Among the entries that follow, the required portion opens with the line containing "连杆浮球液位开关为订制品,为" and closes with the line containing "Крихітні букети в". Give that portion again exactly, and nothing else.

== DATA SECTION ==

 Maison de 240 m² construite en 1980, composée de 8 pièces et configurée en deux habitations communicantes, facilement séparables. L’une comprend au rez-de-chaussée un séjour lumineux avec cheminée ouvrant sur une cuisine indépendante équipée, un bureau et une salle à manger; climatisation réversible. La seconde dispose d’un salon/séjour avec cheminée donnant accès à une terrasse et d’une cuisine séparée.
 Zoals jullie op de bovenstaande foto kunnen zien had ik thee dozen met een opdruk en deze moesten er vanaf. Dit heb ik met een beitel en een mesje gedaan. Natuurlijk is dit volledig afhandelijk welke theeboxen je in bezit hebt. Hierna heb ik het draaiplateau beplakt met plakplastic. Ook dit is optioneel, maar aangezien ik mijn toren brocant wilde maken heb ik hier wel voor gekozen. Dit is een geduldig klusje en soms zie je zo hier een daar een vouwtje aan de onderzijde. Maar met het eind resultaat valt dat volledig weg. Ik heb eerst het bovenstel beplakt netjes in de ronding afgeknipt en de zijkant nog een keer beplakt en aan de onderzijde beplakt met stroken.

===
== DATA SECTION ==

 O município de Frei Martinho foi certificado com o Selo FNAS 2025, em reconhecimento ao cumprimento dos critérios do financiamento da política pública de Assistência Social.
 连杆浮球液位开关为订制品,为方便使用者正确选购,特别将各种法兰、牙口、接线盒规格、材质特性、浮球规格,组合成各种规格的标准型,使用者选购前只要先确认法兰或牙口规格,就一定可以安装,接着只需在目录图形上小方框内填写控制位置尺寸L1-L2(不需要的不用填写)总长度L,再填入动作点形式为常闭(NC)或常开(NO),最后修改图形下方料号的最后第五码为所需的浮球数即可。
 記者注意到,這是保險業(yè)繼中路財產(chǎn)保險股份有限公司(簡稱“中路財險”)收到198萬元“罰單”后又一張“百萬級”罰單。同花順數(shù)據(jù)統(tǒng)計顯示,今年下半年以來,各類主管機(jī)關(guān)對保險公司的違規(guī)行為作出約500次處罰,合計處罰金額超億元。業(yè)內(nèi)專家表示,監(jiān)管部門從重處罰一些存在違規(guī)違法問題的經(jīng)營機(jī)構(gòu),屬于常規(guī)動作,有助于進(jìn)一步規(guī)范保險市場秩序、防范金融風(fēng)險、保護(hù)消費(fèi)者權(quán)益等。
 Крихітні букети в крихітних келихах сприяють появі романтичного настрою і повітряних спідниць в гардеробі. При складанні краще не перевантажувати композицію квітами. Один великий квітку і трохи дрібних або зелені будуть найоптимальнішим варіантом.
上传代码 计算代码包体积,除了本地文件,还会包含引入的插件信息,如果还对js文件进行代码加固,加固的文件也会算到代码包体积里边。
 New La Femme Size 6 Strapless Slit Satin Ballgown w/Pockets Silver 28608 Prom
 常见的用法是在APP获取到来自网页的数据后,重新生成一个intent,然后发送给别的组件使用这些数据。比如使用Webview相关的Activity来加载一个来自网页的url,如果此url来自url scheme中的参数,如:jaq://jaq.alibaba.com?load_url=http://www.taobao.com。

===
== DATA SECTION ==

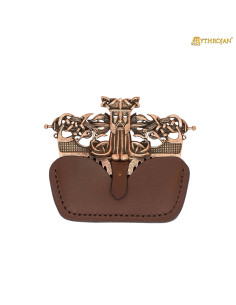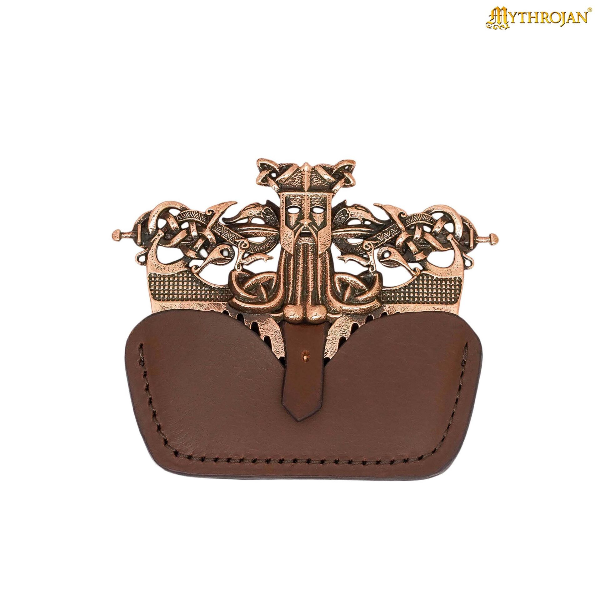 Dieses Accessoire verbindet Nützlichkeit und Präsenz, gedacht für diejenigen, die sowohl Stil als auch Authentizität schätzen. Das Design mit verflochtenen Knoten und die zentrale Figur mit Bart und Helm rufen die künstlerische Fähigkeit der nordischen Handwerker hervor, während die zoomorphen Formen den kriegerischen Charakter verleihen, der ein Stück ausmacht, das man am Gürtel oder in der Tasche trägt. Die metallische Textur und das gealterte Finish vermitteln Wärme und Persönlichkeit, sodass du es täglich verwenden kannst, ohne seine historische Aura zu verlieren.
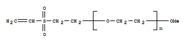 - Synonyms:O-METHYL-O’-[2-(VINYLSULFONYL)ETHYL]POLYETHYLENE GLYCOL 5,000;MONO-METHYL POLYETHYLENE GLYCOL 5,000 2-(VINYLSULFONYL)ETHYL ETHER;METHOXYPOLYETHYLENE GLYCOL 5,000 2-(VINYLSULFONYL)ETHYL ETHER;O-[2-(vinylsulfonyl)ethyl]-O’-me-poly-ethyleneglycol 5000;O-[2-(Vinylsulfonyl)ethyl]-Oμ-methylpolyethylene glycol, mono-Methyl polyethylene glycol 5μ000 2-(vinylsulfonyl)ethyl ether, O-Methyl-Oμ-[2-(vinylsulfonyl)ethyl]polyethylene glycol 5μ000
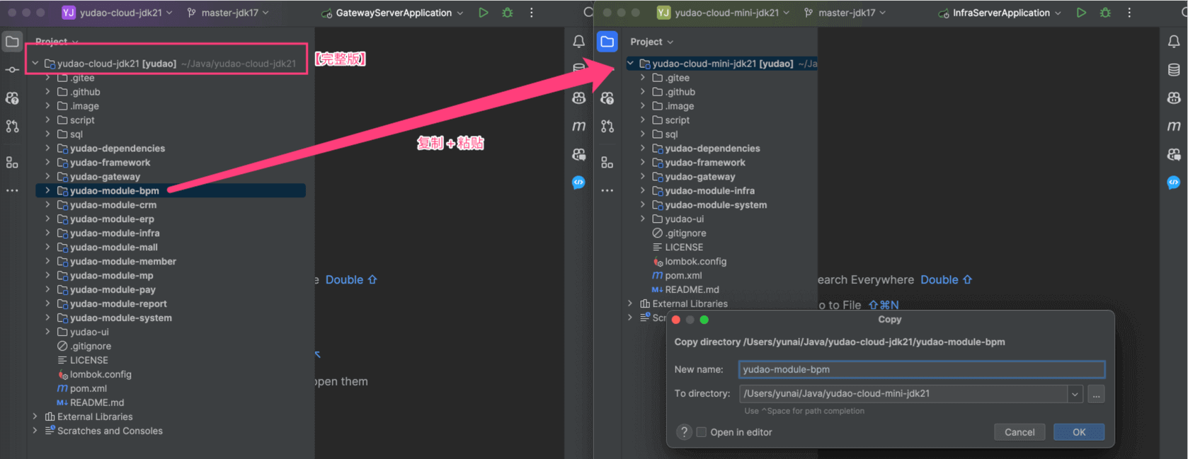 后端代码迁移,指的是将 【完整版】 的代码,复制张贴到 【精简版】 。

===

▶ EXERCISE SOLUTION:
 连杆浮球液位开关为订制品,为方便使用者正确选购,特别将各种法兰、牙口、接线盒规格、材质特性、浮球规格,组合成各种规格的标准型,使用者选购前只要先确认法兰或牙口规格,就一定可以安装,接着只需在目录图形上小方框内填写控制位置尺寸L1-L2(不需要的不用填写)总长度L,再填入动作点形式为常闭(NC)或常开(NO),最后修改图形下方料号的最后第五码为所需的浮球数即可。
 記者注意到,這是保險業(yè)繼中路財產(chǎn)保險股份有限公司(簡稱“中路財險”)收到198萬元“罰單”后又一張“百萬級”罰單。同花順數(shù)據(jù)統(tǒng)計顯示,今年下半年以來,各類主管機(jī)關(guān)對保險公司的違規(guī)行為作出約500次處罰,合計處罰金額超億元。業(yè)內(nèi)專家表示,監(jiān)管部門從重處罰一些存在違規(guī)違法問題的經(jīng)營機(jī)構(gòu),屬于常規(guī)動作,有助于進(jìn)一步規(guī)范保險市場秩序、防范金融風(fēng)險、保護(hù)消費(fèi)者權(quán)益等。
 Крихітні букети в крихітних келихах сприяють появі романтичного настрою і повітряних спідниць в гардеробі. При складанні краще не перевантажувати композицію квітами. Один великий квітку і трохи дрібних або зелені будуть найоптимальнішим варіантом.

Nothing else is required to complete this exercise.